|The Mercedes Smart Car. Isn't it cute? I had to enter the drawing.|
After speaking to one of the people at the exhibit, they recommended I talk to Tamra Stansfield, the German Research Consultant who also works in International Research. She was apparently very popular because it took me stopping by a couple times and waiting for a bit before I could talk to her.
While she wasn't familiar with the area, she did manage to come up with a few books at the Family History Library that might be helpful for me. Since they weren't available online, she suggested I post a lookup request on the FamilySearch Forums. For some reason, the forums wouldn't let me in so she gave me her card and said for me to email her and she would look it up herself once she got back. Now that's service.
Another helpful exhibit that I have to give props to is the Ask the Pros booth. I spoke to Billy Edgington there. I asked her about my family that disappeared for 20 years and she gave me some things to try. I also asked her about my husband's family and she recommended someone else at the Family History Library for me to talk to.

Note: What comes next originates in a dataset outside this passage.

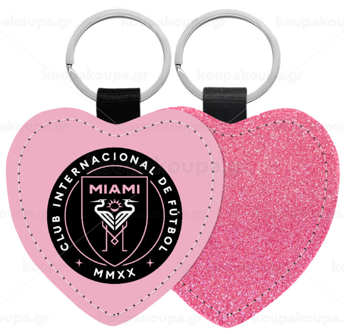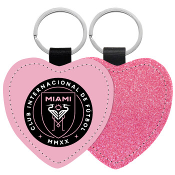 Inter Miami CF, Μπρελόκ PU δερμάτινο glitter καρδιά ΡΟΖ

I also got to meet Lisa Louise Cooke of the Genealogy Gems Podcast. I checked out the other exhibitors including Elise Friedman of FamilyTreeDNA, the Georgia Genealogical Society, the Afro-American Historical and Genealogical Society (Metro Atlanta Chapter) and Genealogy Book Printing.
I learned about two new (to me anyway) sites that could be helpful in genealogy. The first was JustAJoy, a service that matches family heirloom held by antique dealers or collectors with family members. They have items for over 40,000 families. It's free to search for items related to your surname, but you have to have a subscription to the site ($20 for a year at the time of this post) to get the contact information for the person or business that has the item. I do want to note that while there are some items offered for free, some require purchase.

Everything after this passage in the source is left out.